This might be the coolest, most eco-friendly urinal ever

Dutch company Urban Senses has created GreenPee containers, which are urinals filled with odor-absorbing hemp fibers and are topped with planters. Here’s why they’re great for the environment.

What’s the point of the GreenPee containers?

Amsterdam in particular has had a bit of a problem with people urinating wherever they darned well want to. In Dutch, it actually has a name: It’s called wildplassen. This happens because there aren’t enough public bathrooms, and also, it costs a euro to use them, so people can’t be bothered to pay when they gotta go. As a result, they pee just, wherever, instead — against walls, in the canals, you name it.

We know it’s smelly and kind of rude to just pee wherever, but why is that a big problem?

Because people actually die falling into the canals when they’re relieving themselves. (Yes, I suspect alcohol might often be involved, too.) Plus, urine corrodes historical buildings. And urine can be harmful to the environment when humans excrete pharmaceuticals that their bodies can’t digest.

Why doesn’t the city just fine the rogue urinators?

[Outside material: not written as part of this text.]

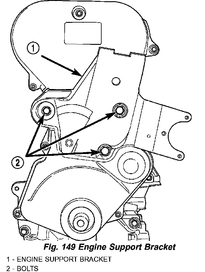 17. Raise engine with jack until engine support bracket bolts are accessible (Fig. 149).

They did — the city fined anyone caught whizzing where they weren’t supposed to be a hefty €140 ($165). But the fining wasn’t enough of a deterrent. So the city had to get creative.

Then what happened?

Amsterdam has just installed 12 of Urban Senses’ GreenPee containers on Leidseplein and Rembrandtsplein, in the Red Light district. That’s because the city did a trial run last year in Rembrandtsplein, and on one street, the Schapensteeg, it reduced wildplassen by nearly 50%.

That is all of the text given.